[patch 128/200] mm, page_alloc: move draining pcplists to page isolation users

Andrew Morton <akpm@xxxxxxxxxxxxxxxxxxxx> · Mon, 14 Dec 2020 19:10:56 -0800

From: Vlastimil Babka <vbabka@xxxxxxx>
Subject: mm, page_alloc: move draining pcplists to page isolation users

Currently, pcplists are drained during set_migratetype_isolate() which
means once per pageblock processed start_isolate_page_range().  This is
somewhat wasteful.  Moreover, the callers might need different guarantees,
and the draining is currently prone to races and does not guarantee that
no page from isolated pageblock will end up on the pcplist after the
drain.

Better guarantees are added by later patches and require explicit actions
by page isolation users that need them.  Thus it makes sense to move the
current imperfect draining to the callers also as a preparation step.

Link: https://lkml.kernel.org/r/20201111092812.11329-7-vbabka@xxxxxxx
Suggested-by: David Hildenbrand <david@xxxxxxxxxx>
Suggested-by: Pavel Tatashin <pasha.tatashin@xxxxxxxxxx>
Signed-off-by: Vlastimil Babka <vbabka@xxxxxxx>
Reviewed-by: David Hildenbrand <david@xxxxxxxxxx>
Reviewed-by: Oscar Salvador <osalvador@xxxxxxx>
Acked-by: Michal Hocko <mhocko@xxxxxxxx>
Signed-off-by: Andrew Morton <akpm@xxxxxxxxxxxxxxxxxxxx>
---

 mm/memory_hotplug.c |   11 ++++++-----
 mm/page_alloc.c     |    2 ++
 mm/page_isolation.c |   10 +++++-----
 3 files changed, 13 insertions(+), 10 deletions(-)

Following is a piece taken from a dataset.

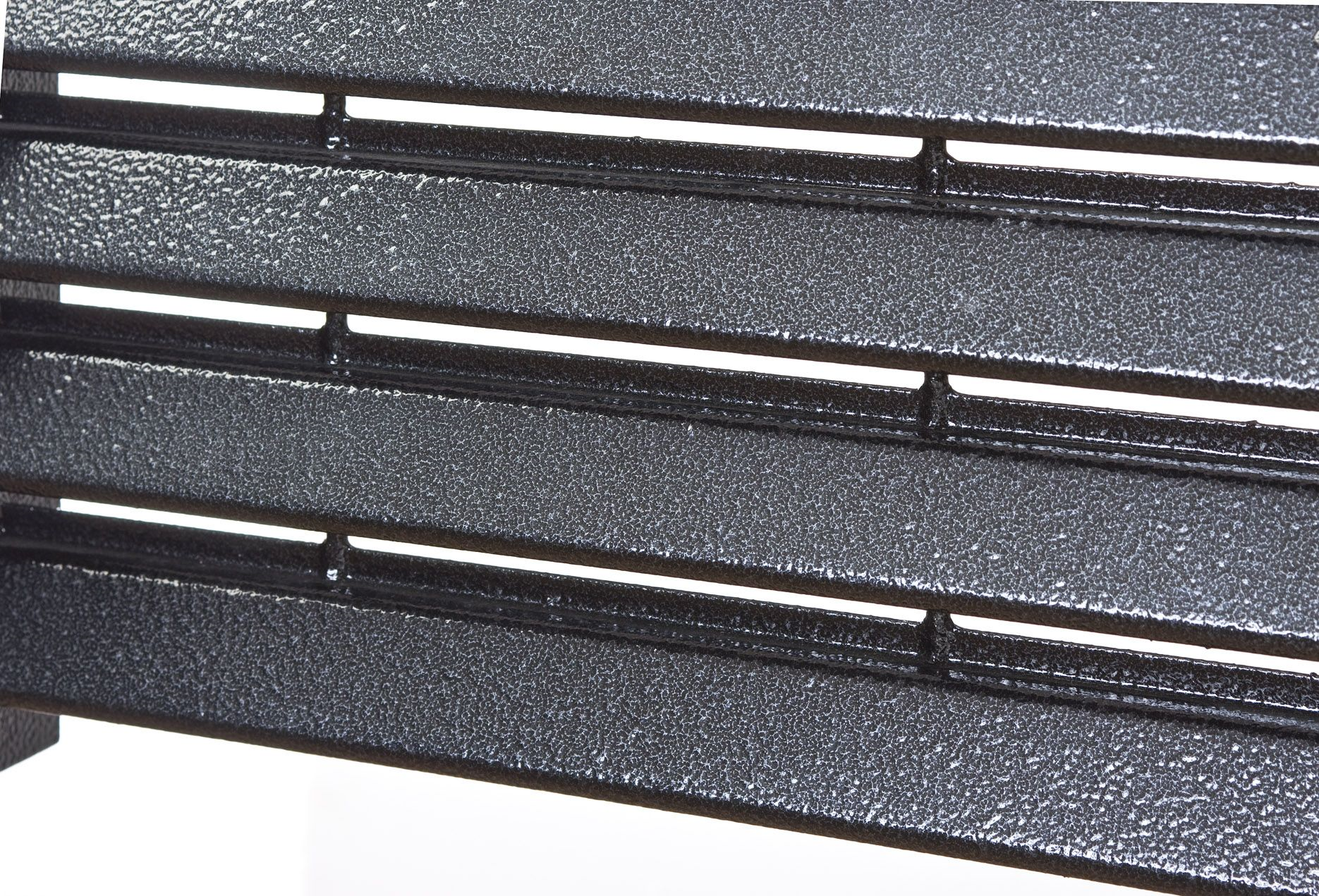 N.B. Le piantane sono da acquistare a parte. Per i colori fuori standard c'è un aumento del 30%La recinzione in grigliato elettrosaldato modello ORIZZONTALE è costituita con profili orizzontali a Z da 50x1,6 mm posti ad un interasse di 46 mm. I collegamenti sono costituiti in tondo Ø 4 mm, aventi interasse di 132 mm. Le bordature orizzontali e verticali sono realizzate in piatto da 50x3 mm.

--- a/mm/memory_hotplug.c~mm-page_alloc-move-draining-pcplists-to-page-isolation-users
+++ a/mm/memory_hotplug.c
@@ -1500,6 +1500,8 @@ int __ref offline_pages(unsigned long st
 		goto failed_removal;
 	}
 
+	drain_all_pages(zone);
+
 	arg.start_pfn = start_pfn;
 	arg.nr_pages = nr_pages;
 	node_states_check_changes_offline(nr_pages, zone, &arg);
@@ -1550,11 +1552,10 @@ int __ref offline_pages(unsigned long st
 		}
 
 		/*
-		 * per-cpu pages are drained in start_isolate_page_range, but if
-		 * there are still pages that are not free, make sure that we
-		 * drain again, because when we isolated range we might
-		 * have raced with another thread that was adding pages to pcp
-		 * list.
+		 * per-cpu pages are drained after start_isolate_page_range, but
+		 * if there are still pages that are not free, make sure that we
+		 * drain again, because when we isolated range we might have
+		 * raced with another thread that was adding pages to pcp list.
 		 *
 		 * Forward progress should be still guaranteed because
 		 * pages on the pcp list can only belong to MOVABLE_ZONE
--- a/mm/page_alloc.c~mm-page_alloc-move-draining-pcplists-to-page-isolation-users
+++ a/mm/page_alloc.c
@@ -8528,6 +8528,8 @@ int alloc_contig_range(unsigned long sta
 	if (ret)
 		return ret;
 
+	drain_all_pages(cc.zone);
+
 	/*
 	 * In case of -EBUSY, we'd like to know which page causes problem.
 	 * So, just fall through. test_pages_isolated() has a tracepoint
--- a/mm/page_isolation.c~mm-page_alloc-move-draining-pcplists-to-page-isolation-users
+++ a/mm/page_isolation.c
@@ -49,7 +49,6 @@ static int set_migratetype_isolate(struc
 
 		__mod_zone_freepage_state(zone, -nr_pages, mt);
 		spin_unlock_irqrestore(&zone->lock, flags);
-		drain_all_pages(zone);
 		return 0;
 	}
 
@@ -172,11 +171,12 @@ __first_valid_page(unsigned long pfn, un
  *
  * Please note that there is no strong synchronization with the page allocator
  * either. Pages might be freed while their page blocks are marked ISOLATED.
- * In some cases pages might still end up on pcp lists and that would allow
+ * A call to drain_all_pages() after isolation can flush most of them. However
+ * in some cases pages might still end up on pcp lists and that would allow
  * for their allocation even when they are in fact isolated already. Depending
- * on how strong of a guarantee the caller needs drain_all_pages might be needed
- * (e.g. __offline_pages will need to call it after check for isolated range for
- * a next retry).
+ * on how strong of a guarantee the caller needs, further drain_all_pages()
+ * might be needed (e.g. __offline_pages will need to call it after check for
+ * isolated range for a next retry).
  *
  * Return: 0 on success and -EBUSY if any part of range cannot be isolated.
  */
_